I have a gazillion tables with SDO_GEOMETRY fields in a single Oracle instance. Most of those tables have a complex join to other tables to get interesting information to control the display.
I have a handful of workspaces to extract this data to FFS, mainly focused on the specific geometry type, that is: Point, Labels, Lines, Polygon.
Having just read about hadoop, map/reduce, and all that functional architecture, I got it in my head that I needed to map each geometry table to its function i.e. geometry workspace and let FME Server go wild on them.
What I decided to do is launch a workspace for each table and send in the join criteria as parameters for use in an SQLCreator. So I end up submitting 250+ jobs, each running 1 of 6 workspaces to process a single table. All processed by 8 engines.
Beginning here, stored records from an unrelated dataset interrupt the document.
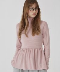 플레어 스트라이프 터틀넥 티셔츠 [핑크]
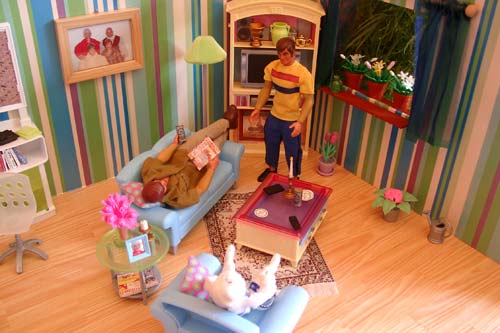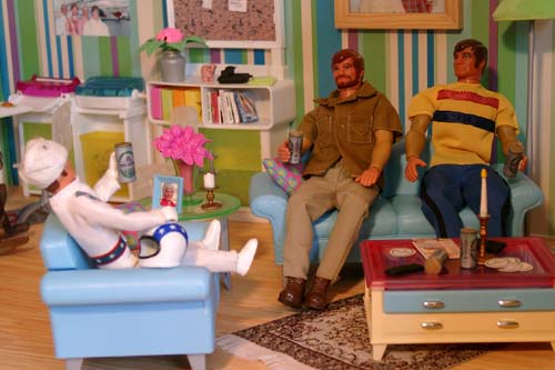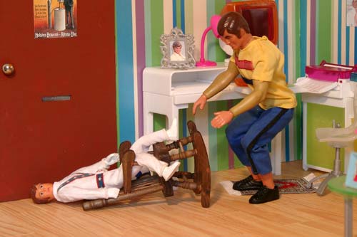 Evel bekommt einen super Turban von Jim, Jeff würde durchdrehen, wenn hier alles mit Blutflecken bespritzt wäre! Evel ist zum Glück nichts ernsthaftes passiert, auf die paar Gehirnzellen, die das wieder gekostet hat, kommt es bei ihm auch nicht mehr an... |
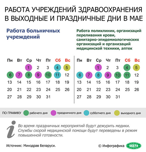 Работа учреждений здравоохранения в выходные и праздничные дни в мае 22.04.2019 shumilino515 Продолжить чтение

Well, you can imagine what Oracle does in response to this. It basically locks up.
My question is, what is the right way to scale? I haven't tried a single workspace with 250+ reader/feature types, because the cutting and pasting and redundancy of the same transformers over and over, seems silly.
So I was wondereing: what is Oracle's problem is with servicing 8 connections at a time, each servicing one table and it's related records?
I've been told that it can't hard-parse that many SQL statements at once (8!? seriously?!) And that the queries need to use bind variables (I posted a different question about that) etc.
I've been told to use views, but that is problematic because the views would have to be created on the fly because the criteria is a subset of any given table, in my case, a wire-center, or a feeder, or a circuit. I can't create a view for every arbitrary sub-group of data that can be requested.